[STORED DATA]
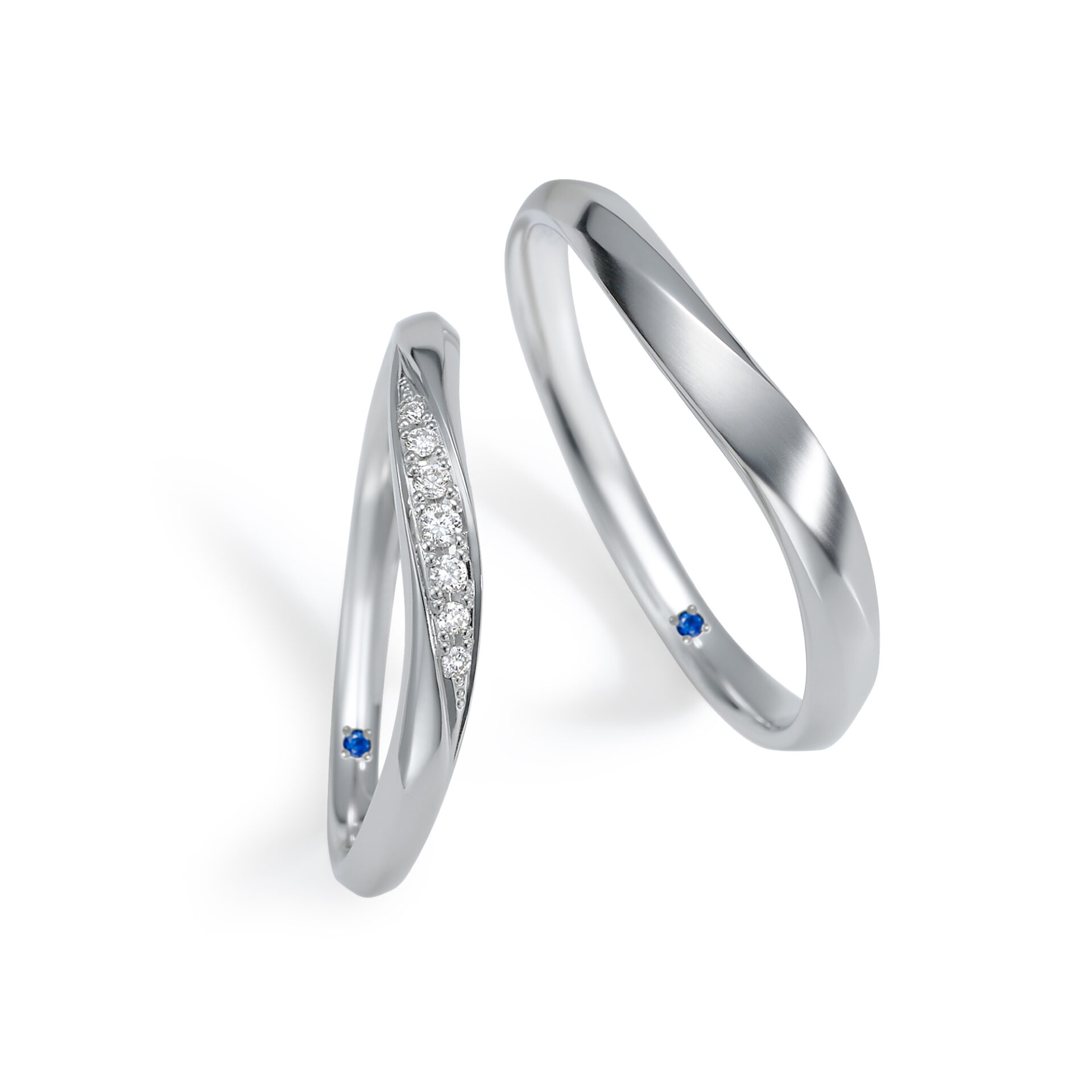 まるで新しい風がふっと吹き抜けるような心地よさ 柔らかいひねりを効かせたSラインフォルムはリング全体を優しく煌めかせます これからの2人の歩む人生が輝きますように、明るい未来を願って
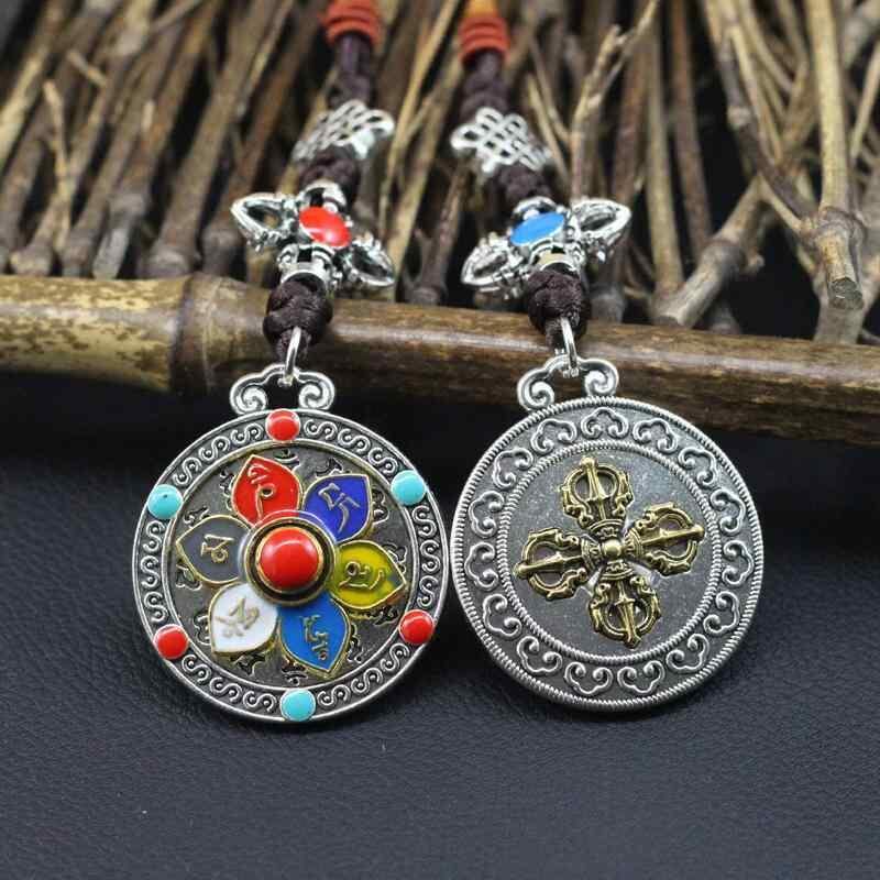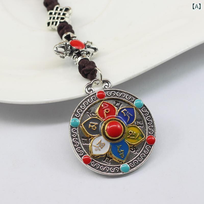 バッグチャーム 回転式 九宮八卦 六字真言 八宝吉祥 お守り 合金製 開運グッズ 幸運 魔除け 旅行記念品 エスニック レトロ アンティーク調 大きめサイズ ファッション小物
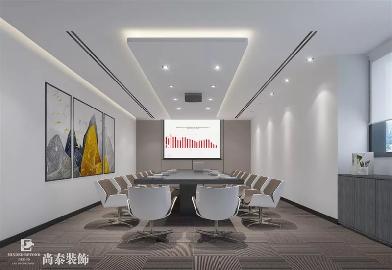 地面使用棕色的地毯來穩(wěn)定空間的作用和減低在開會時候人員的出入的聲音。把投影藏在天花上面,在需要使用的時候才放下來,靠窗的采光使室內(nèi)和室外都相互連接在一起,但是又能相互的分隔這空間,因此裝飾較為簡單。
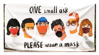 The illustrator of the poster “One Small Ask, Please Wear a Mask” was NinaChakrabati.  It appeared relatively early in the pandemic.  Today we would recommend N-95s or elastomerics over cloth or surgical masks.

[TASK PROMPT] The whole listing above is to be repeated exactly, apart from its pictures.

[COMPLETED TASK]
 まるで新しい風がふっと吹き抜けるような心地よさ 柔らかいひねりを効かせたSラインフォルムはリング全体を優しく煌めかせます これからの2人の歩む人生が輝きますように、明るい未来を願って
 バッグチャーム 回転式 九宮八卦 六字真言 八宝吉祥 お守り 合金製 開運グッズ 幸運 魔除け 旅行記念品 エスニック レトロ アンティーク調 大きめサイズ ファッション小物
 地面使用棕色的地毯來穩(wěn)定空間的作用和減低在開會時候人員的出入的聲音。把投影藏在天花上面,在需要使用的時候才放下來,靠窗的采光使室內(nèi)和室外都相互連接在一起,但是又能相互的分隔這空間,因此裝飾較為簡單。
 The illustrator of the poster “One Small Ask, Please Wear a Mask” was NinaChakrabati.  It appeared relatively early in the pandemic.  Today we would recommend N-95s or elastomerics over cloth or surgical masks.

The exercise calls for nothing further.